Stored items
============================================================

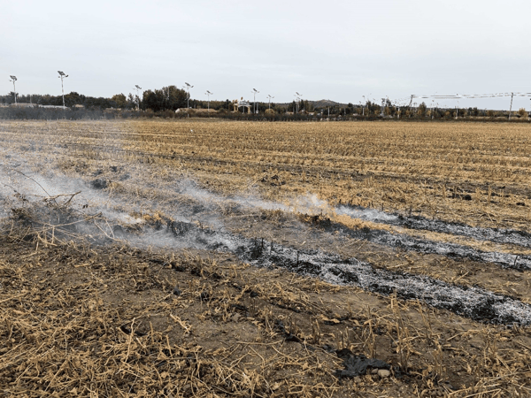 东北大豆收获后的农田秸秆焚烧。(游超摄影)
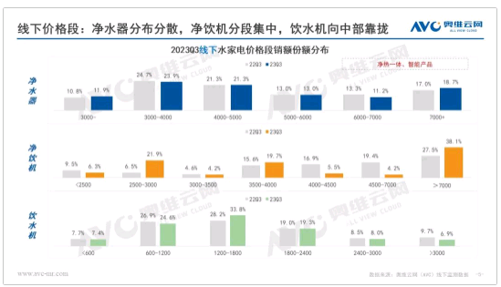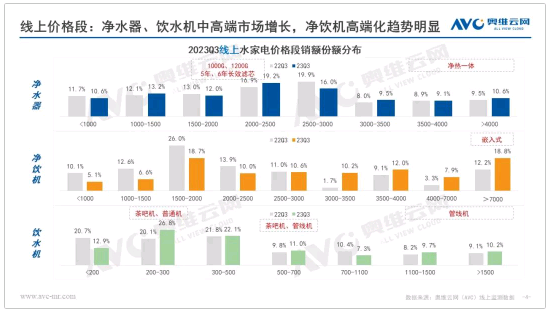 2、水温纵向延伸:23M1-9线上净热一体净水器份额占比达到11.9%,同比增加5.8%,净饮机中能够制冷的冰热产品份额达到17.3%,份额同比增加10.7%。纵向延伸水温的水家电产品逐步增多。
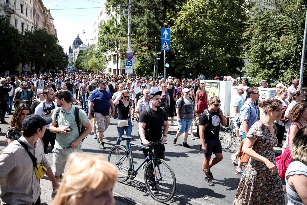 Tizenegy óra előtt nem sokkal a tömeg elindult a Margit hídra. A tüntetők azóta már el is érték a hidat, és mindkét irányban megbénították a forgalmat.
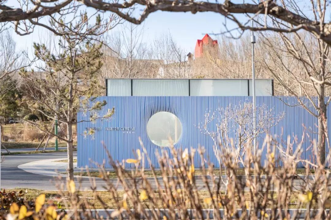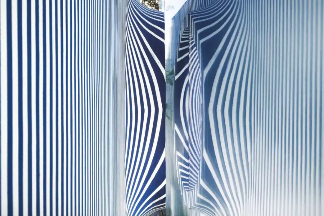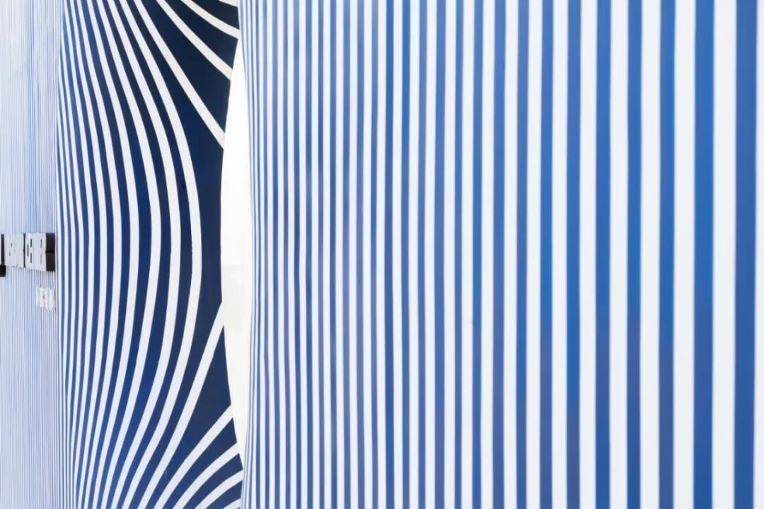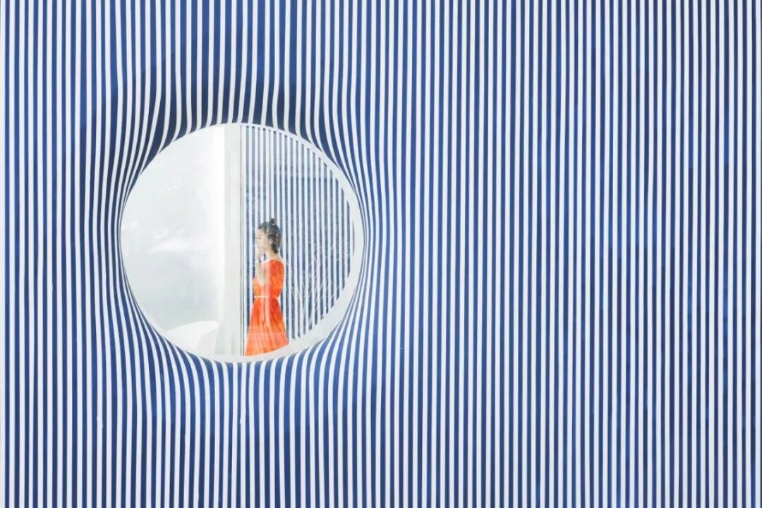 大海,这个突然触动我联系到海魂衫,这个典型的水手服装的典型图案。我决定用条纹去覆盖整个围墙和场地。没错,条纹会消弱围墙的实体感受,并创造出一种晕眩感,这晕眩感会在立面上创造一种新的不确定和暧昧,结合围墙的圆洞,和玻璃盒子内的功能发生联系。由此这个设计达成了我的实验目的。尽管手段并不是预先设定的。
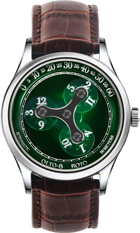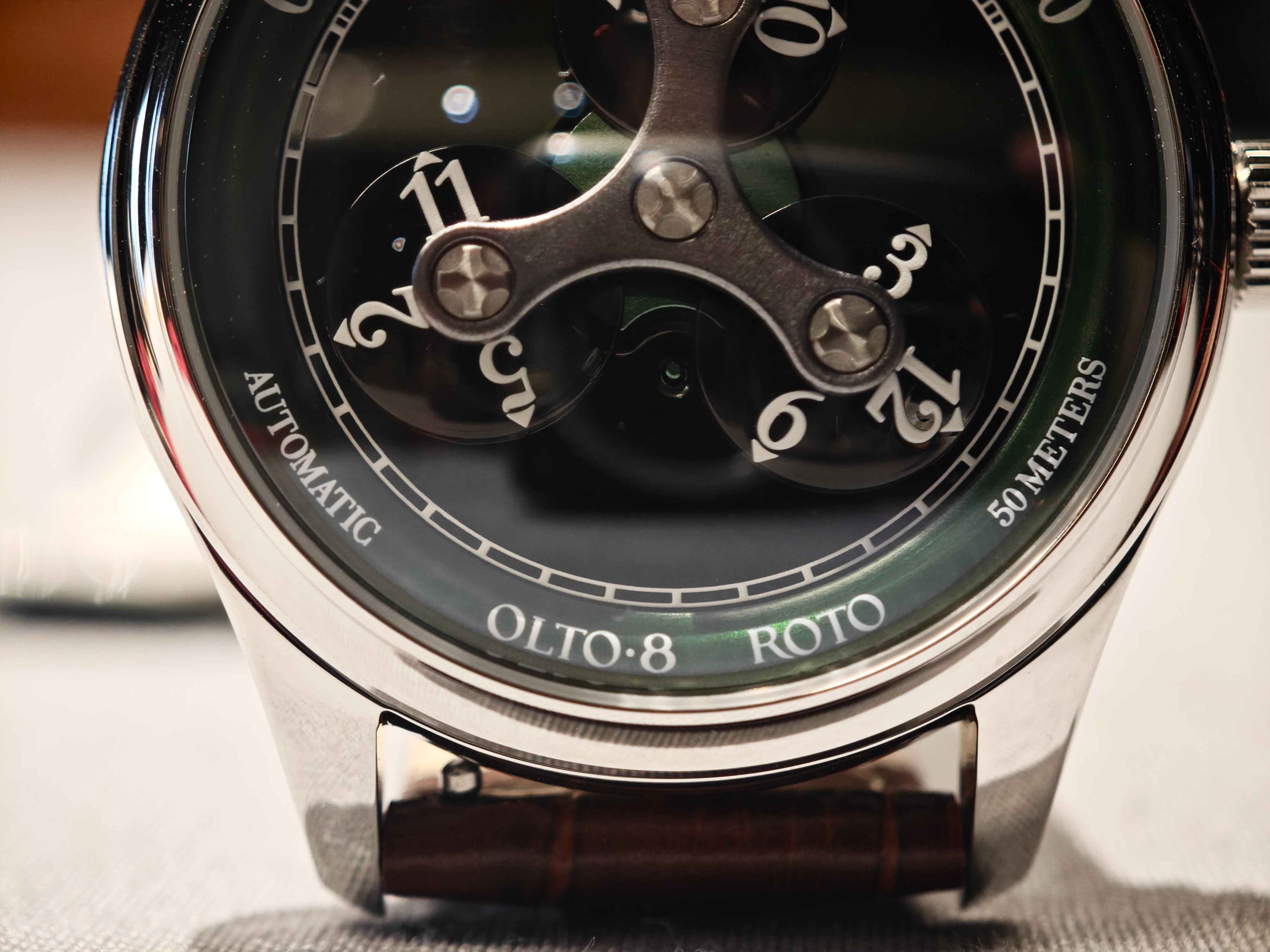 Хотя о специфике часов такого типа мы уже коротко говорили в обзоре модели Atowak, все же стоит напомнить и о «геометрии» этого усложнения. Сегодня наиболее распространенной формой «стрелок» являются круг и прямоугольник/пирамидка/трапеция. Atowak — были из тех моделей, что размещают часы на гранях, OLTO-8 делают и так, и эдак:
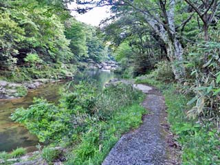遊歩道を上流に向かう。 |

============================================================

Task statement
Drop the images and transcribe the entries above exactly.

Response below
 东北大豆收获后的农田秸秆焚烧。(游超摄影)
 2、水温纵向延伸:23M1-9线上净热一体净水器份额占比达到11.9%,同比增加5.8%,净饮机中能够制冷的冰热产品份额达到17.3%,份额同比增加10.7%。纵向延伸水温的水家电产品逐步增多。
 Tizenegy óra előtt nem sokkal a tömeg elindult a Margit hídra. A tüntetők azóta már el is érték a hidat, és mindkét irányban megbénították a forgalmat.
 大海,这个突然触动我联系到海魂衫,这个典型的水手服装的典型图案。我决定用条纹去覆盖整个围墙和场地。没错,条纹会消弱围墙的实体感受,并创造出一种晕眩感,这晕眩感会在立面上创造一种新的不确定和暧昧,结合围墙的圆洞,和玻璃盒子内的功能发生联系。由此这个设计达成了我的实验目的。尽管手段并不是预先设定的。
 Хотя о специфике часов такого типа мы уже коротко говорили в обзоре модели Atowak, все же стоит напомнить и о «геометрии» этого усложнения. Сегодня наиболее распространенной формой «стрелок» являются круг и прямоугольник/пирамидка/трапеция. Atowak — были из тех моделей, что размещают часы на гранях, OLTO-8 делают и так, и эдак:
遊歩道を上流に向かう。 |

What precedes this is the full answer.